Personally, I find frying a total pain, and almost never do it, but here’s a basic outline: Put on a garment you don’t care about, because the oil will spatter. To make chips, peel your potatoes, and also the eggplant if you prefer yours peeled (I do). Slice the vegetables very thinly - think of how thin even a thick-cut potato chip is, and aim for that. Heat up several inches the frying oil of your choice (peanut oil is great, but you can use any neutral vegetable oil like corn or canola if that’s what you have) in something flattish, but with high walls, over medium-high heat. While it’s heating, mix together 1/2 cup flour, 1/2 cup corn starch, and 1 tablespoon of semolina flour if you have it (it’s OK to skip this if not). When a pinch of this mixture sizzles when you drop it into the oil, the oil is hot enough. Drop in the potato slices as-is, but coat the zucchini and eggplant slices with the flour mixture first, because it will help make them crispy. Drop all the veggies in the oil carefully, making sure not to crowd them too much, because if your oil gets too cold because you’ve added tons of room-temperature stuff at the same time, the vegetables will get oily and soggy rather than crisp; this probably means you’ll need to work in batches. If necessary, flip over the vegetables when the bottom side is a nice golden-brown, and looks like something you’d want to eat. When they’re done, take them from the hot oil with a slotted spoon and place them on a plate covered with paper towels for them to drain on. Eat as soon as possible, since fried stuff is best about five seconds after it comes out of the pan, and doesn’t sit well.

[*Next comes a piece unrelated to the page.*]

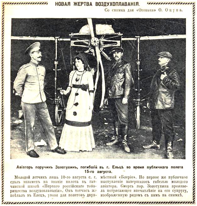 «Телеграф принес печальное известие о гибели в городе Ельце русского авиатора штабс-капитана в запасе Мстислава Максимовича Золотухина. Авиатор во время спуска на «Блерио» с незначительной высоты вылетел из аппарата, который всей тяжестью придавил его. М.М. Золотухин, промучившись несколько часов от тяжких повреждений всего тела, скончался.

The secret of brussel sprouts is soaking them in cold, salty water before cooking. This article explains a bit why.

I made the guacamole and the fried zucchini and eggplant…

Things I did learn though, Olive oil is not for frying things!

Tonight I am making a Meat loaf with all of the left over meat and a few of the veggies I had. The only things I have left now are:

a Zucchini and the brussel sprouts. Any great recipes that involve either?

Get your Brussels sprouts. Cut all but the small ones in half.
Dice enough onion (one large onion at minimum).
Dice some meaty bacon (I like shoulder bacon).
Put a large saute pan on the stove, add water, let it boil.
Dump in the sprouts, blanch till bright green and barely turning soft.
Pour the sprouts in a colander and set aside.
Put the saute pan back on the heat, but turn the heat down a bit.
Dump in some olive oil and/or butter.
Dump in the onion and bacon, cook till the onion starts to caramelize.
Dump the sprouts back in the saute pan, mix, add more olive oil or butter if necessary.
Add salt & pepper to taste (it may take more than you expect)
Crank the heat to high and saute, stirring regularly, till the sprouts are cooked to taste. There will probably be a bunch of water trapped in the sprouts from the blanching, and you want to cook this off. Don’t be surprised if you need to add some more oil too (hey, it’s olive oil–it’s good for you anyway)
Adjust seasonings if necessary, then serve.